The task
Only one stretch of the material below is wanted: everything from the line containing "Silvertone purple ribbon" down to the line containing "Xylem features a", both ends included. Repeat it exactly and skip the pictures.

(Records provided begins)

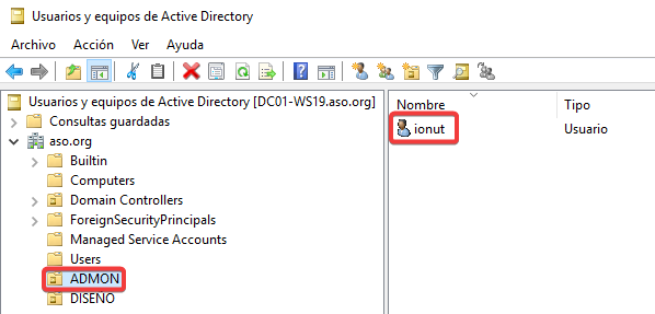 Añadiremos al usuario ionut que pertenece a la UO de Administradores para que tenga todos los permisos.
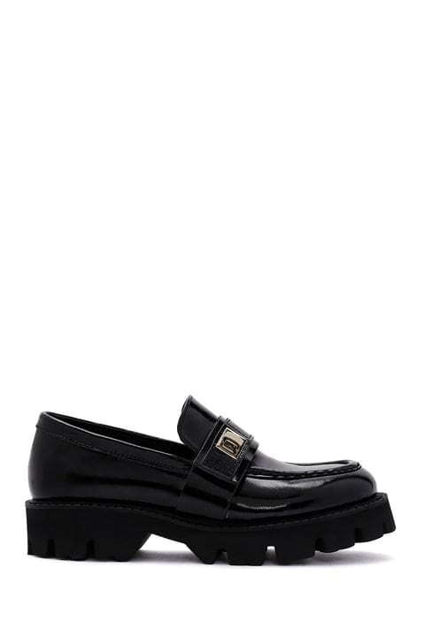 Kadın Siyah Deri Kalın Tabanlı Rugan Casual Loafer
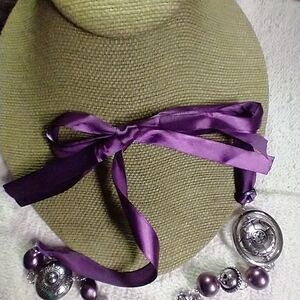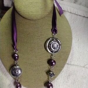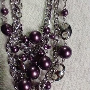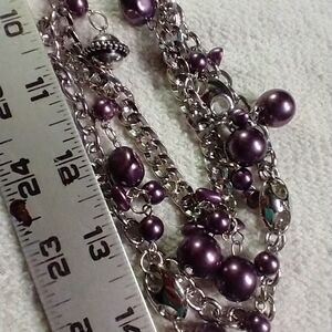 Silvertone purple ribbon purple beaded multi layer necklace
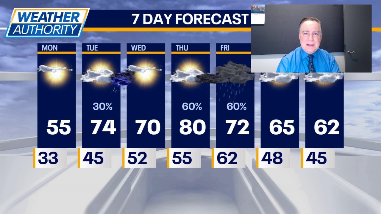 Highs on Friday will not be as warm — likely topping out closer to 70°. The weekend looks dry both days with a mixture of clouds and sun and high temperatures in the low to mid 60s.
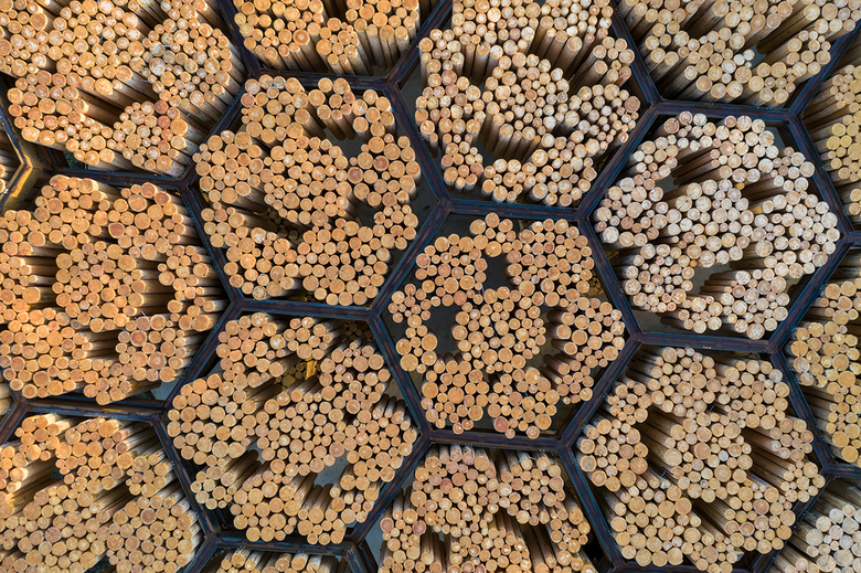 Xylem features a canopy of vertical logs above the seating areas, to create both shelter and a play of light and shadow. (Photo: Iwan Baan, courtesy of Tippet Rise/Iwan Baan)
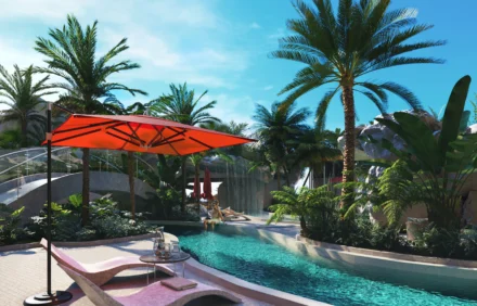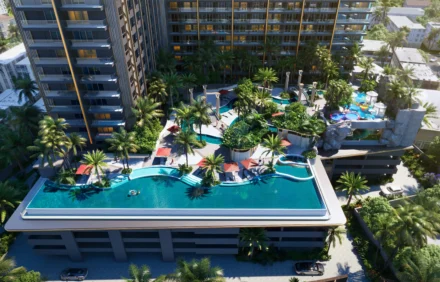 Designed with sophistication and comfort in mind, this condominium offers a wealth of facilities and amenities. Residents can enjoy an Olympic-length swimming pool with an artificial beach, a lazy river, multiple Jacuzzis, waterfalls, and whirlpools. A state-of-the-art fitness center, a private cinema room, and a golf simulator add to the lifestyle appeal. The rooftop entertainment complex is a true highlight, featuring a 200-meter infinity pool that encircles the entire rooftop, a beach club, fine dining restaurants, a skywalk, and a selection of exclusive bars and lounges that take luxury to new heights.

(Records provided ends)

Completed task
 Silvertone purple ribbon purple beaded multi layer necklace
 Highs on Friday will not be as warm — likely topping out closer to 70°. The weekend looks dry both days with a mixture of clouds and sun and high temperatures in the low to mid 60s.
 Xylem features a canopy of vertical logs above the seating areas, to create both shelter and a play of light and shadow. (Photo: Iwan Baan, courtesy of Tippet Rise/Iwan Baan)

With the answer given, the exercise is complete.